_TASK REQUIREMENTS:_ Every line below between the line holding "Число 32 представлю" and the line holding "日本製 シャギーラグ ラグマット", inclusive, should be repeated exactly, and all other lines omitted.

_PROVIDED ENTRIES:_
○ ○ ○ ○

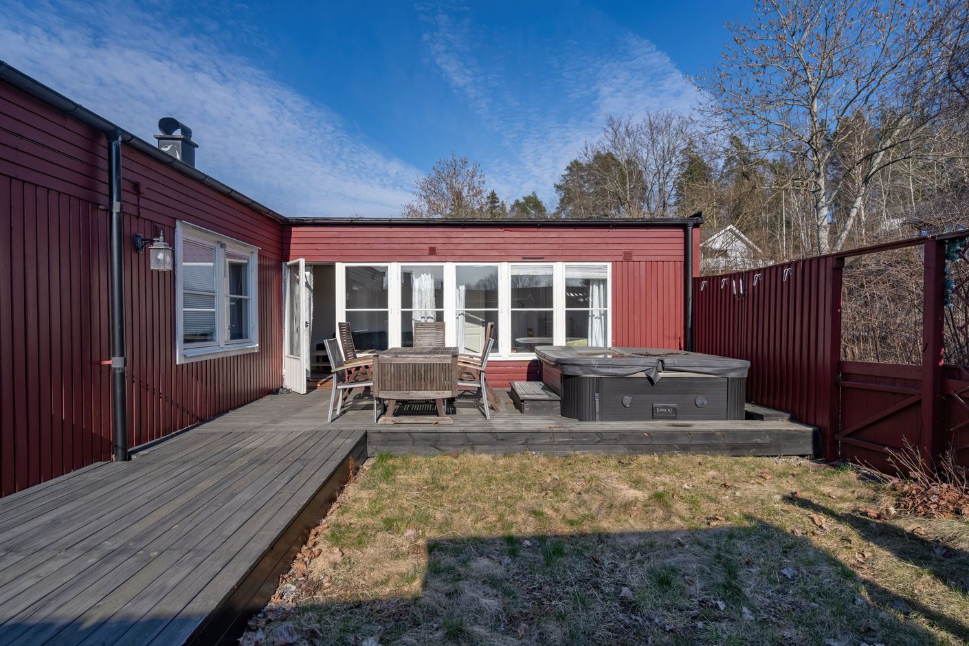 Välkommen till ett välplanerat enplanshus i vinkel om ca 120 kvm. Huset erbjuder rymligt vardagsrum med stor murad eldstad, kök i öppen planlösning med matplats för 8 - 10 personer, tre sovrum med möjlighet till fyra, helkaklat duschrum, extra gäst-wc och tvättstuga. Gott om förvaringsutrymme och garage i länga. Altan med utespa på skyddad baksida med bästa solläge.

○ ○ ○ ○

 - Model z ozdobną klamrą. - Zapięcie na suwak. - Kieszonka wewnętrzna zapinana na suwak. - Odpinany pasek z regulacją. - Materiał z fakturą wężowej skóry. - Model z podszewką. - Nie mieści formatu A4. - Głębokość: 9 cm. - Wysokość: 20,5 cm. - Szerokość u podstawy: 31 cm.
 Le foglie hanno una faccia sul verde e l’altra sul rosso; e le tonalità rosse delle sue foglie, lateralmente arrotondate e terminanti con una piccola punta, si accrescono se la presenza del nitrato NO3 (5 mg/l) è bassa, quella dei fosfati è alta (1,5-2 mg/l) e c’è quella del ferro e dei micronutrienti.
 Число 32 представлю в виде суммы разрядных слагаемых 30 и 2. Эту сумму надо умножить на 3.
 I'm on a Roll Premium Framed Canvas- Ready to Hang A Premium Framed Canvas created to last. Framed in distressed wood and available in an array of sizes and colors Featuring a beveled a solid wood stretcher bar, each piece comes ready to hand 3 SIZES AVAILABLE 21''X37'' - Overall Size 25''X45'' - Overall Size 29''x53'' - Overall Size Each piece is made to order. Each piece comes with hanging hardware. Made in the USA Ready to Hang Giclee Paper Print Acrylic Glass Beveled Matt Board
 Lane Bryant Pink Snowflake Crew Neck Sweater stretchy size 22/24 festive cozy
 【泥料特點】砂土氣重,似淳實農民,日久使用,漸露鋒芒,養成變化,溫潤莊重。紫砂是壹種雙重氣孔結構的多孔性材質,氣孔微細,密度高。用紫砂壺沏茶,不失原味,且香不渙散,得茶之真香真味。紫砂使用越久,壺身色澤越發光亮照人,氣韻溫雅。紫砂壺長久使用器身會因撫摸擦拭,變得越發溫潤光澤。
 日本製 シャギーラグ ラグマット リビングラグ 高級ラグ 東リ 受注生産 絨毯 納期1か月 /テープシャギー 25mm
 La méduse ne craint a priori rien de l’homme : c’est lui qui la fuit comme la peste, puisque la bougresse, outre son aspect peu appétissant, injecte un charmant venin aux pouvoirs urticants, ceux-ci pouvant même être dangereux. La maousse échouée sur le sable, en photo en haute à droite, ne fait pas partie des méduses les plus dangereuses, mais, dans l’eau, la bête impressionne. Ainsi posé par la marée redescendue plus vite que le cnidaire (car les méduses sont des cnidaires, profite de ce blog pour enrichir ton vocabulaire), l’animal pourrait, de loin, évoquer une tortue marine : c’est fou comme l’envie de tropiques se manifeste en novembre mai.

○ ○ ○ ○

_SOLUTION TO THE EXERCISE:_
 Число 32 представлю в виде суммы разрядных слагаемых 30 и 2. Эту сумму надо умножить на 3.
 I'm on a Roll Premium Framed Canvas- Ready to Hang A Premium Framed Canvas created to last. Framed in distressed wood and available in an array of sizes and colors Featuring a beveled a solid wood stretcher bar, each piece comes ready to hand 3 SIZES AVAILABLE 21''X37'' - Overall Size 25''X45'' - Overall Size 29''x53'' - Overall Size Each piece is made to order. Each piece comes with hanging hardware. Made in the USA Ready to Hang Giclee Paper Print Acrylic Glass Beveled Matt Board
 Lane Bryant Pink Snowflake Crew Neck Sweater stretchy size 22/24 festive cozy
 【泥料特點】砂土氣重,似淳實農民,日久使用,漸露鋒芒,養成變化,溫潤莊重。紫砂是壹種雙重氣孔結構的多孔性材質,氣孔微細,密度高。用紫砂壺沏茶,不失原味,且香不渙散,得茶之真香真味。紫砂使用越久,壺身色澤越發光亮照人,氣韻溫雅。紫砂壺長久使用器身會因撫摸擦拭,變得越發溫潤光澤。
 日本製 シャギーラグ ラグマット リビングラグ 高級ラグ 東リ 受注生産 絨毯 納期1か月 /テープシャギー 25mm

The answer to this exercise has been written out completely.